Street stalls help China on road to recovery

Hawkers were demonised before the coronavirus spread, now they are providing work for newly unemployed and cheap meals for those facing hardships 

by Nadeem Xu
Street stalls play role in China’s recovery
Fruit boost: A street vendor in Yangzhou, near Guilin, tends to her stall. Rules have been relaxed to allow more hawkers to operate on China’s streets. 

(ATF) A relaxation of rules governing street vendors has taken China by storm, with social media suggesting the policy designed to provide work for millions made unemployed by coronavirus is having an impact.

Topics related to street vendors have been read by more than 600 million times on Weibo, the Economic View reported on Thursday.

Preliminary statistics show at least 27 areas including provinces and cities, such as Liaoning, Jiangxi, Gansu, Shanghai, Ji'nan and Zhengzhou, are encouraging the road-side business. 

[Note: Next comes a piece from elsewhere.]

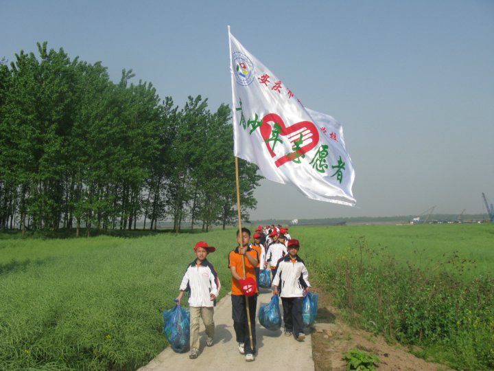 今天我們安慶市外國語學(xué)校的環(huán)保小衛(wèi)士們來到了美麗的長風(fēng)沙,我們所站的地方就是長風(fēng)沙美麗的沙灘?!跋嘤坏肋h(yuǎn),直至長風(fēng)沙”,長風(fēng)沙,這個頗具“中國風(fēng)”韻味的地名,因李白的這句詩而聞名。這塊方圓七十平方公里的彈丸之地,卻積淀著數(shù)百年厚重的歷史,她曾吸引不少歷代文人墨客逗留于此,留下了不少千古絕唱。長風(fēng)沙得天獨(dú)厚的自然風(fēng)光豪邁大氣,又給人一種奪人心魄的氣勢。正是因?yàn)槿绱耍L風(fēng)沙已成為安慶這座歷史文化名城的一個重要組成部分,長風(fēng)沙是安慶人的驕傲。愛護(hù)長風(fēng)沙,保護(hù)長風(fēng)沙的自然環(huán)境是我們每個青年學(xué)生應(yīng)盡的義務(wù)。

Ying Xiwen at China Minsheng Bank's think tank said the street-stall economy has always been in a grey area in China's urban economy. But its existence is rational to some extent, for it mitigates pressure on employment, fuels development for tertiary industries, enlivens markets and stimulates the economy.

Once demonsied and even hounded off the streets, Premier Li Keqiang has joined the throngs hailing the virtues of humble street-food and good salespeople. Li has been a vocal supporter since the virus outbreak put the world’s second-largest economy on hold for two months and led to the first contraction in the economy in generations.

The relaxation of controls also helped meet demand for low-cost food during the crisis as millions were locked in their homes to control the epidemic’s spread.

Zhang Zhixin, deputy professor at the Capital University of Economics and Business said road-side businesses facilitate shopping and enliven cities.